## [WORK INSTRUCTION]
Among the entries, which lines carry the string "pond"? Copy every one.

## [Dataset records]
»»

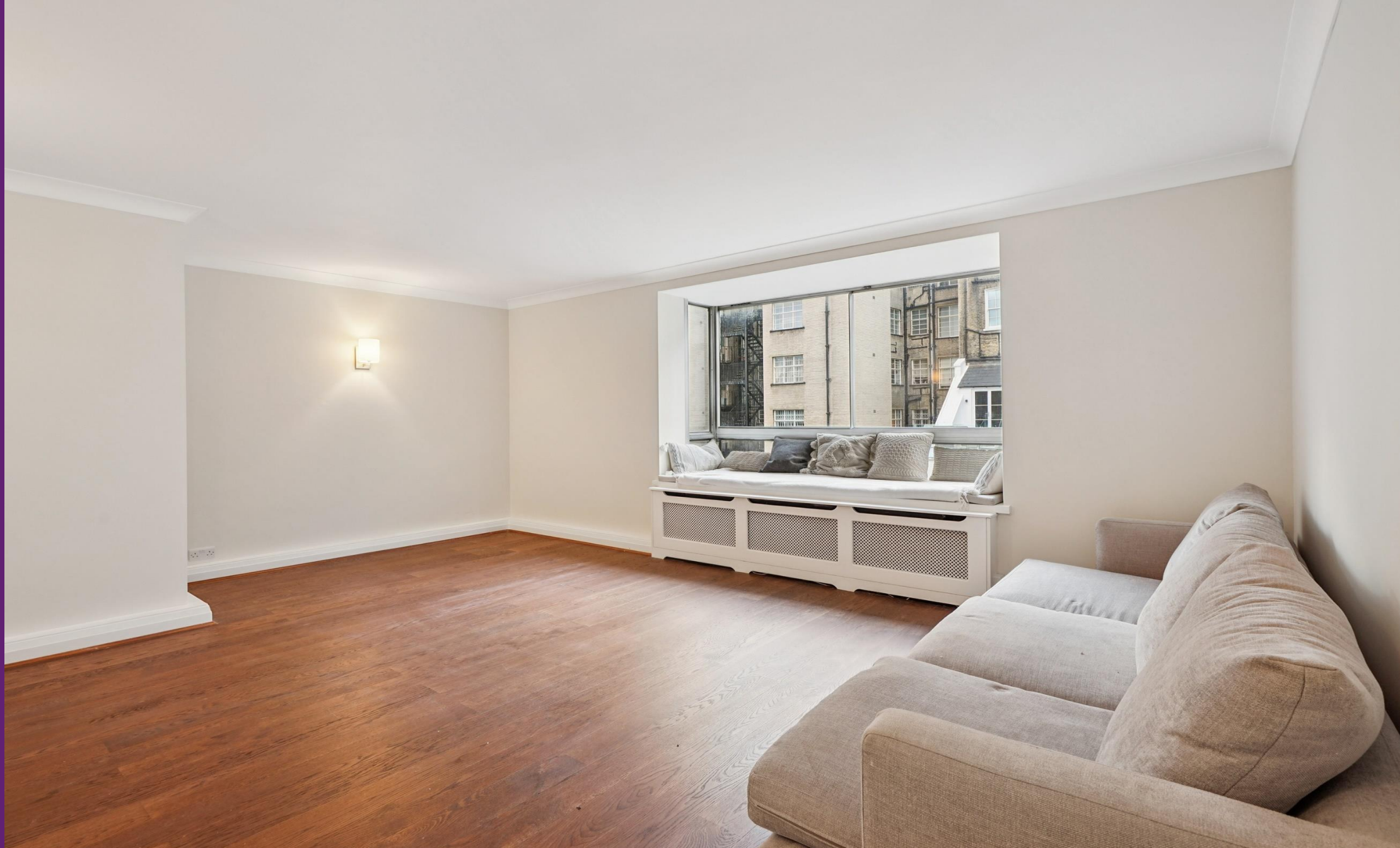
Thorburn House Kinnerton Street, SW1X
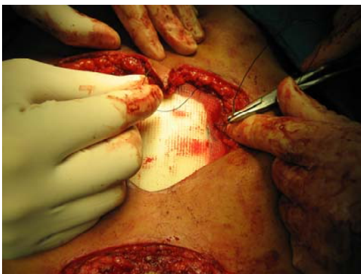
Fig. 2 – Use of Marlex mesh with methylmethacrylate to repair large full-thickness defects after subtotal sternectomy caused by chondroma

The postoperative course was uneventful and the wounds healed by primary intention (Figure 3). At the latest follow-up evaluation (twenty-four months postoperatively), the patient was alive, without signs of local recurrence or distant metastasis and very satisfied with the result (Figure 4).
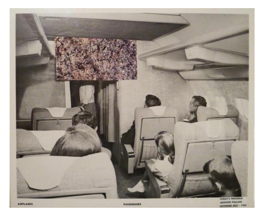
Fig. 1: Ilene Segalove, Today's Program: Jackson Pollock, Lavender Mist, 1950 , 1973, collage of offset lithographs, 35.6 x 43.2 cm (14 x 17 in.). New York, The Metropolitan Museum of Art, Purchase, Vital Projects Fund Inc. Gift, through Joyce and Robert Menschel, 2011. © Ilene Segalove.
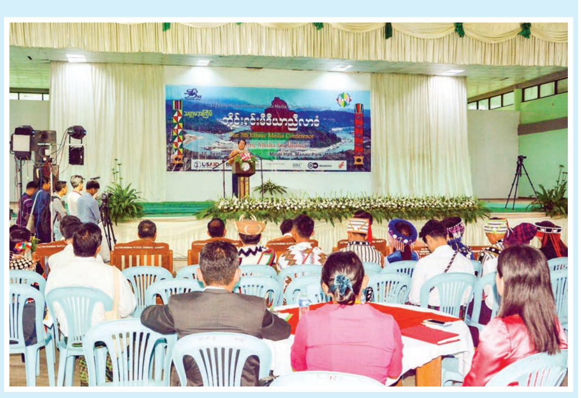
Kachin State Chief Minister Dr Khet Aung addresses the 7<sup>th</sup> Ethnic Media Conference in Myitkyina Township, Kachin State.

The discussions will be made by officials from the Ministry of Information, Myanmar
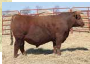
4MC RAMBLER 0180 SIRE OF LOT 48
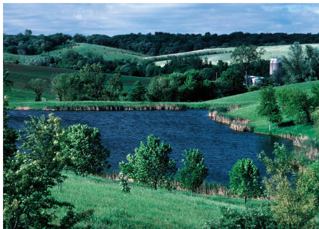
Farm pond in Jasper County, Iowa

This leaflet is designed to serve as an introduction to farm pond ecology and management. Farm pond ecology is reviewed and followed by an outline of habitat needs for various pond species. It discusses farm pond management and provides a list of landowner assistance programs. For information on pond planning, design, and construction, readers should consult the Natural Resources Conservation Service's (NRCS) Agricultural Handbook Number 590: Ponds – Planning, Design, Construction, available at ftp://ftp.wcc.nrcs.usda.gov/downloads/hydrology_hydraulics/

««

## [OUTPUT OF THE TASK]
Farm pond in Jasper County, Iowa
This leaflet is designed to serve as an introduction to farm pond ecology and management. Farm pond ecology is reviewed and followed by an outline of habitat needs for various pond species. It discusses farm pond management and provides a list of landowner assistance programs. For information on pond planning, design, and construction, readers should consult the Natural Resources Conservation Service's (NRCS) Agricultural Handbook Number 590: Ponds – Planning, Design, Construction, available at ftp://ftp.wcc.nrcs.usda.gov/downloads/hydrology_hydraulics/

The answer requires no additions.